I've found that the external flash unit (SB600) is a must when lighting is really bad. I still don't know much about photography (and don't think I ever will), but this camera does a nice job of catching photos for someone like me.

The first photo was taken a few years back, on auto:






This next photo uses an external flash unit and is set to manual to get the faster shutter speed of 1/500 of a second. This camera is great with action shots...it's my darned slow reaction speed that usually misses them!


----------



## MikeScone (Feb 25, 2010)

*Nikon D300*

I've had the 300 just over a year, and I really like it. It's kind of hard to pick my three favorites, but I'll post some I like which show off the camera's capabilities:

First off, demonstrating the D300's ability to meter tough lighting - Scone, lit by overhead lights and also the TV set. 





The ability to increase ISO (sensor speed) up to ISO6400 allows me to get pictures under conditions I just couldn't otherwise. This one was hand-held on the Millennium Bridge in London at night:




Sure, it's a bit grainy, but I like the effect, and better a slightly noisy picture than none at all. I love the "auto ISO" setting, where I tell the camera the slowest shutter speed I'll accept, and it picks the lowest ISO which will let me use that speed or higher. No more unexpected long exposures or underexposed pictures. 

Finally, the high-speed shutter (up to 1/8000 sec) plus the vibration reduction (VR) in the 70-300 zoom let me get this picture of the Blue angels at the Binghamton Airshow:





Other features I like are great battery life (up to 750 pictures on a charge), a huge LCD screen for previews, the 51-point autofocus, ability to use manual lenses, and generally intuitive operation. Oh yes, and spectacular picture quality.

*Fuji S2/S3 Pro*

Before I got the D300 I had Fuji DSLR's - the S3 was a slightly improved version of the S2, and both were based on the Nikon N80 film SLR, so they both took Nikon lenses and accessories. 

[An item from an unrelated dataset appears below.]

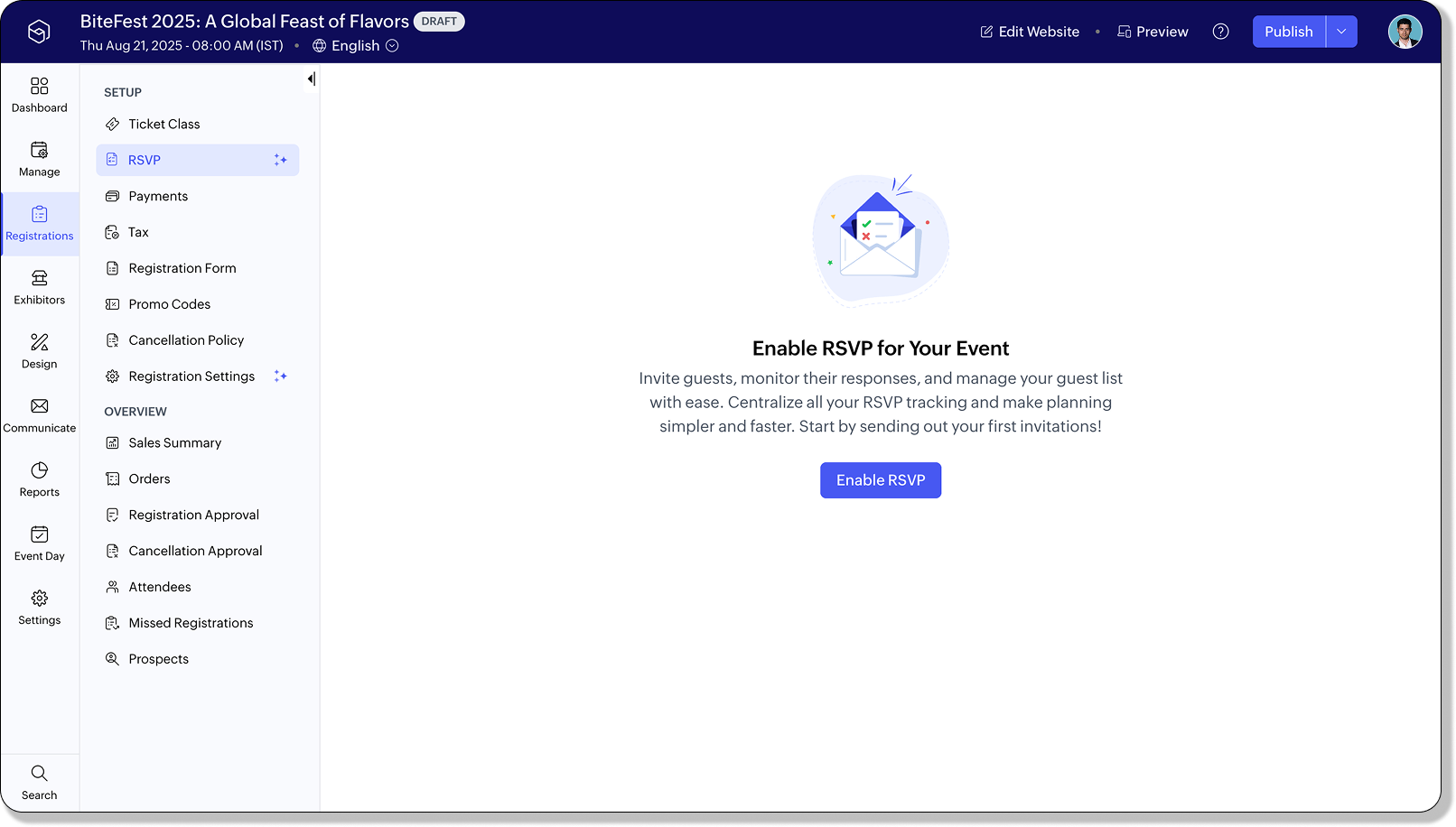 Once RSVP is enabled, the event becomes invite-only. Only those who receive a direct invitation will be able to register or submit their RSVP. Registration access for others will no longer be available through the event site.

Here are some examples from the Fujis:

Eilean Donan Castle in Scotland: 





Fraserburgh Lighthouse - taken with the 12-24mm ultrawide zoom:





Dingle Peninsula, Ireland - it's a good test of a camera's white balance ability if it can get the colors right in such an expanse of green and blue - and still have black and white cows.


----------



## undergunfire (Feb 26, 2010)

I use a Canon Rebel Xsi.
These are 3 of my favorite pictures from San Diego Zoo and AZ Wild Animal Park.
I have waaaaay too many favorite pictures of various things, but these show off the Xsi pretty well, I think .


----------



## Happi Bun (Feb 26, 2010)

I have the Fujifilm Finepix S700. 

I like it a lot, even though I have no idea how to use it. The manual confuses me, but that's more like a personal problem. It's got a nice micro setting, the only downside is it's shutter speed is pretty darn slow unless there is good natural lighting. For the price though, I think it's nice camera. 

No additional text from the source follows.